The outage was widespread – more than 65 kilometres from one end to the other. We accessed Alberta Emergency Alert using a local staff member’s cell phone through a Rogers. We briefed all agencies in person and expanded the plan so that residents could access emergency responders through direct contact with response vehicles, or come to the RCMP station, hospital or fire halls. We made sure we had people out on the streets and in the rural subdivisions. We made sure we had radios at the stop-in sites. Crews were instructed that if anyone were to stop at the sites or the vehicles to report an emergency, the closest resources were to go immediately, followed by the agency most needed.

We set up our electronic signs stating the problem and the temporary solutions. These signs were purchased after the 2011 Slave Lake wildfire and we were lucky to have them. Our mobile units start talking to people on the streets and word spread about the situation. Representatives of the Town of Slave Lake and Municipal District 124 were talking face-to-face and updates were ongoing over the radios we had handed out. Alberta Emergency Alert was being broadcast over the local FM radio station and things were looking up. We looked at our Regional Emergency Management Plan but there was nothing in it for this type of event –which was sad, because this plan was new after the 2011 fire.

I can tell you that having no external communication system is like being Superman with all your superpowers stripped away. Everything you think of, everyone you want to talk to is gone; it felt like being a firefighter 25 years ago but without land lines.
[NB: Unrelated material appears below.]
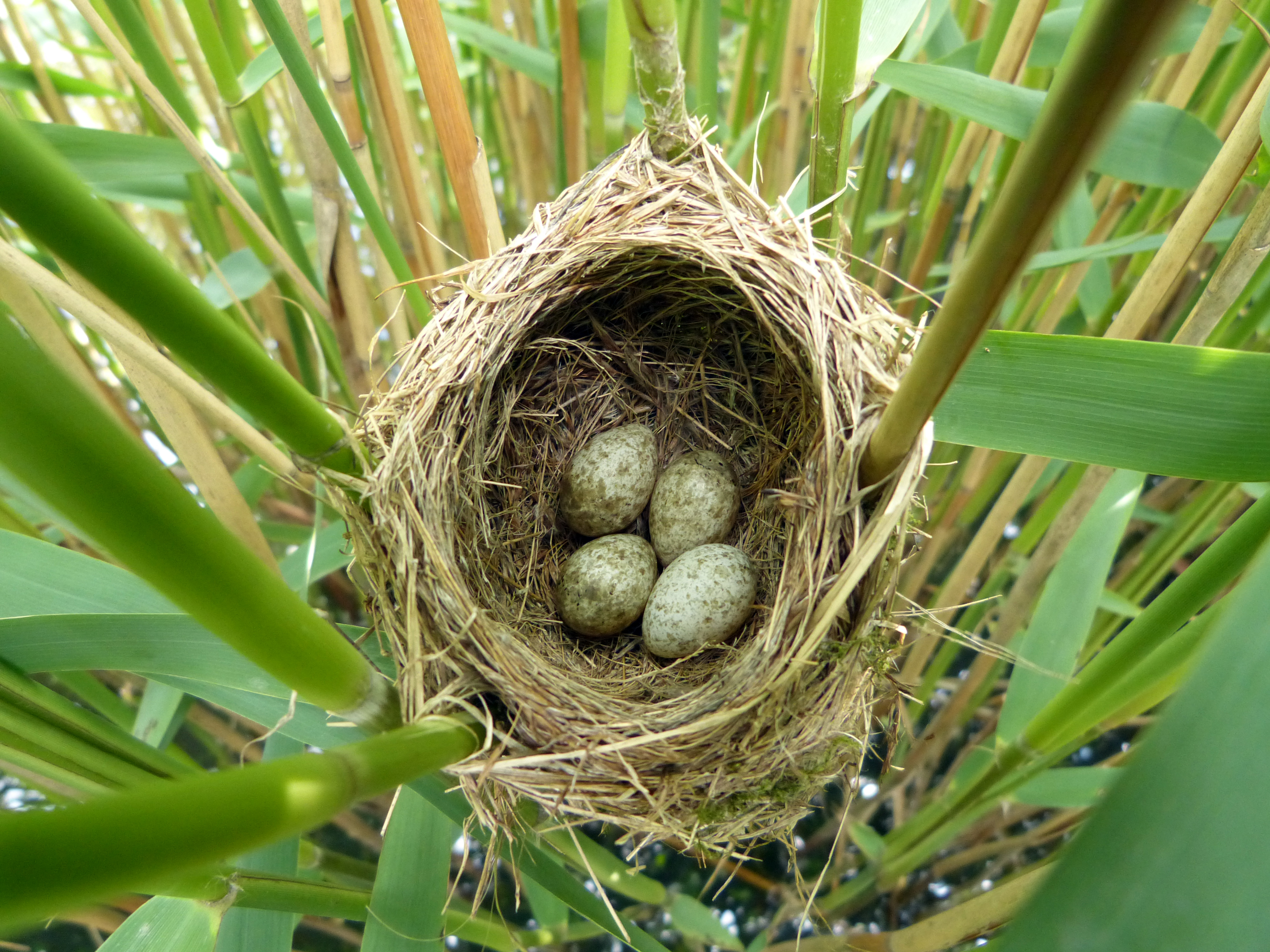 Latin name Acrocephalus scirpaceus Family Warblers and allies (Sylviidae) Overview The reed warbler is a plain unstreaked warbler. It is warm brown above and buff... Where to see them ... When to see them Mid-April to early October. What they eat Insects; berries in autumn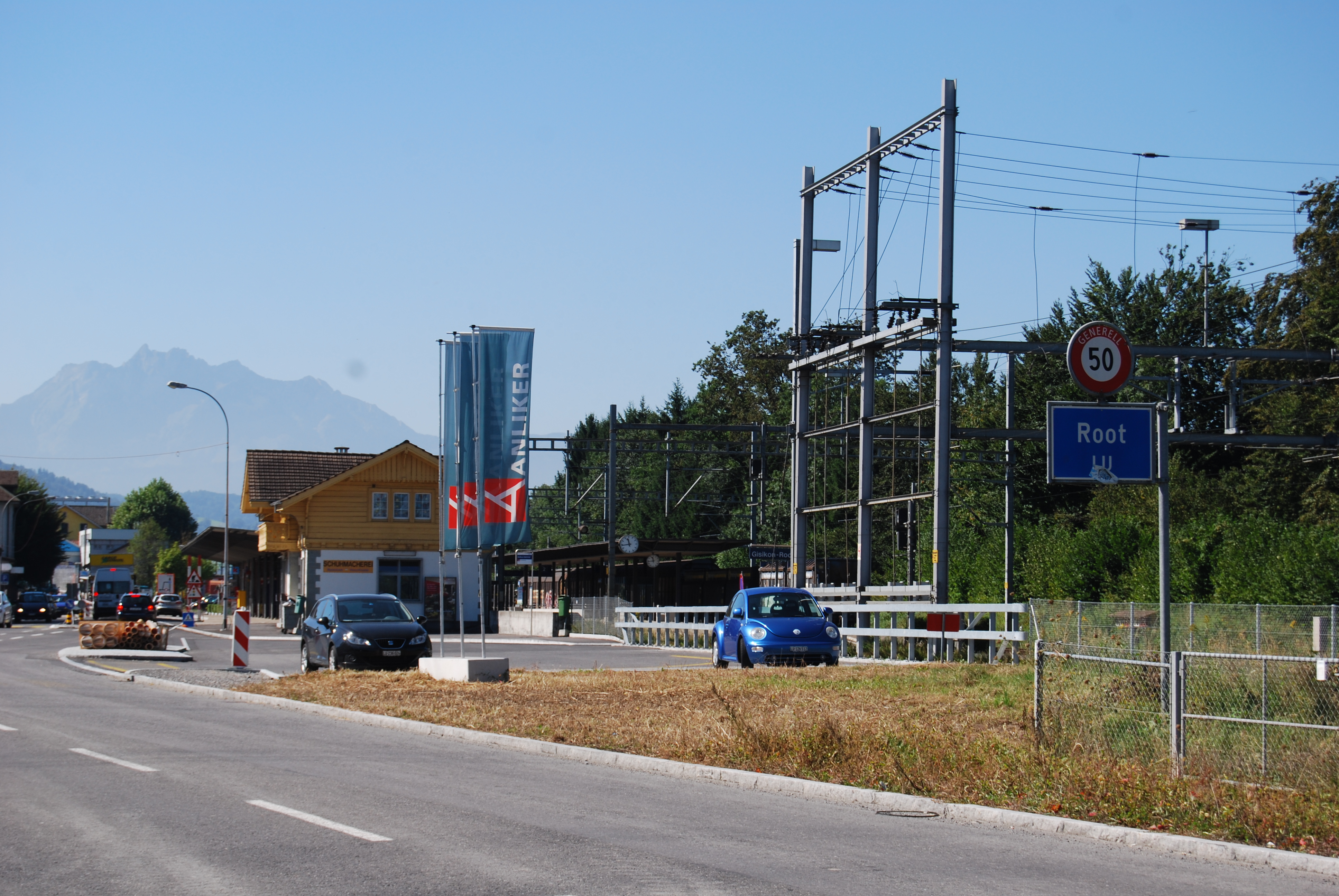 Train station of Root, canton of Lucerne, Switzerland

After about four hours, Telus had fixed some of the lines. Later that night cell service was restored. Telus did a great job patching things together and trying to give us solid timelines, but as you can imagine, that was tough; there were 2,400 copper lines down and the best repair people can fix just 80 an hour. The company had to bring in a patch cord and people from Edmonton, which is 250 kilometres away, to fix the fibre-optic line. We finally got to bring people in from the field at 1:30 a.m.

Slave Lake had similar issues during the 2011 fire, but everyone was evacuated so it wasn’t a direct problem, and there was still some cell service. The same problems existed during the High River flood in 2013, but, again, people were gone and cell service was still available in some areas.

One accident had left an entire region without the ability to call 911. Our ability to communicate with the public and with other agencies was drastically reduced, using only FM radio, the Rogers cell network and private Internet providers.

My thoughts are simple:

  • Get a written plan together and know what to do better next time.
  • Let emergency responders know what could happen to them so they can be prepared.
  • Debrief all agencies and Telus and look at redundancies.

By Monday, Nov. 2, service had been restored to 100 per cent of our region. I want to make sure we identify the risks, find solutions to make sure we are prepared, and congratulate emergency management and first responders for a job well done.

It’s funny to me that even during the incident emergency responders were asking me if I had set it up as a training exercise. At first I just laughed, but after a few asked the same question, I realized that for them to be that calm, to be able to make jokes, we must be ready for what comes our way.

Things have changed greatly since 2011, and I’m happy to say we are finally getting to a good place.